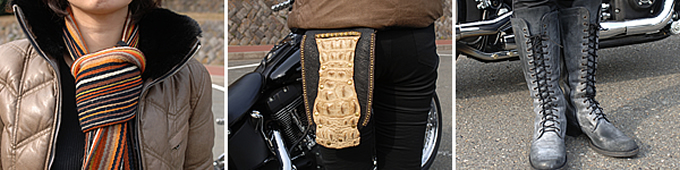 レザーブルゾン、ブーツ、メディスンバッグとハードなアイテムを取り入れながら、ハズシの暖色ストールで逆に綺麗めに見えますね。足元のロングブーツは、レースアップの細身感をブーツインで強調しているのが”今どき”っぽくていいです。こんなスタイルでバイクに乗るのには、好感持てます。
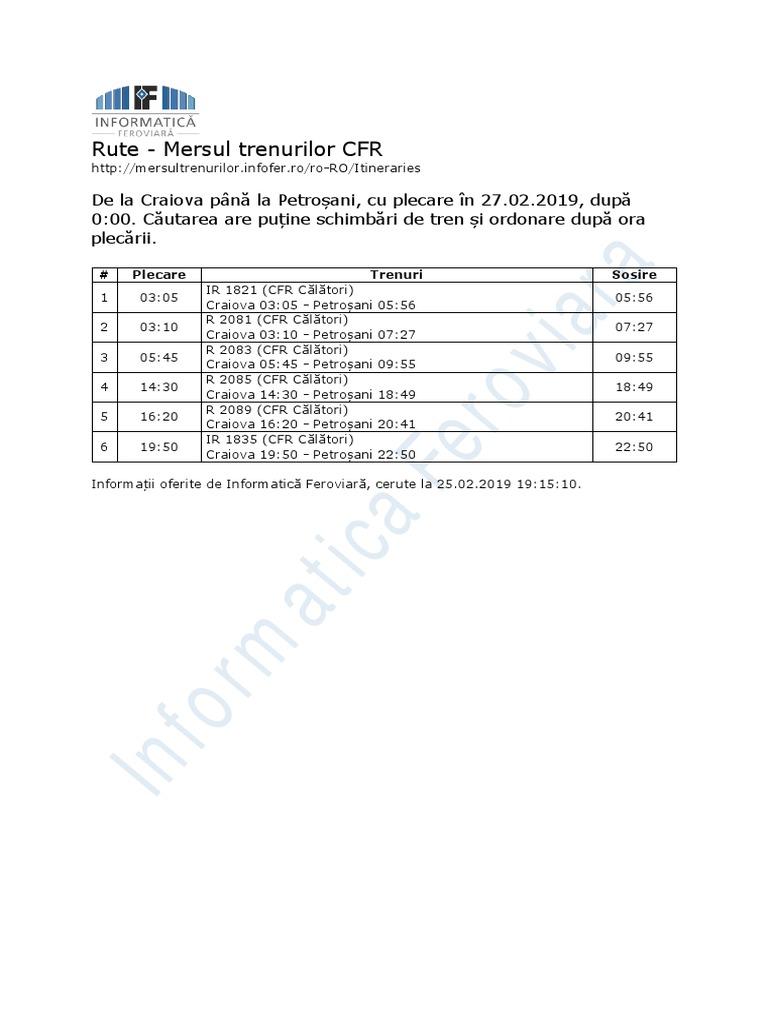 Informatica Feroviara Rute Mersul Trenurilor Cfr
-=-=-=-=-
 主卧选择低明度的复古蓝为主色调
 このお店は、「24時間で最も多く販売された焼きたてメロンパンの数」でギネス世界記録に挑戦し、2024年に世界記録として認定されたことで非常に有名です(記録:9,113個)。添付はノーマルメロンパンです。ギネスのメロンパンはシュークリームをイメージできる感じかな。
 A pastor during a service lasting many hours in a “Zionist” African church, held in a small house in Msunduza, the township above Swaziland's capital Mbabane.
-=-=-=-=-
Assignment:
Word for word, repeat the lines above from the one with "レザーブルゾン、ブーツ、メデ" through the one with "Informatica Feroviara Rute", and nothing beyond them. Omit the pictures.

Written solution:
 レザーブルゾン、ブーツ、メディスンバッグとハードなアイテムを取り入れながら、ハズシの暖色ストールで逆に綺麗めに見えますね。足元のロングブーツは、レースアップの細身感をブーツインで強調しているのが”今どき”っぽくていいです。こんなスタイルでバイクに乗るのには、好感持てます。
 Informatica Feroviara Rute Mersul Trenurilor Cfr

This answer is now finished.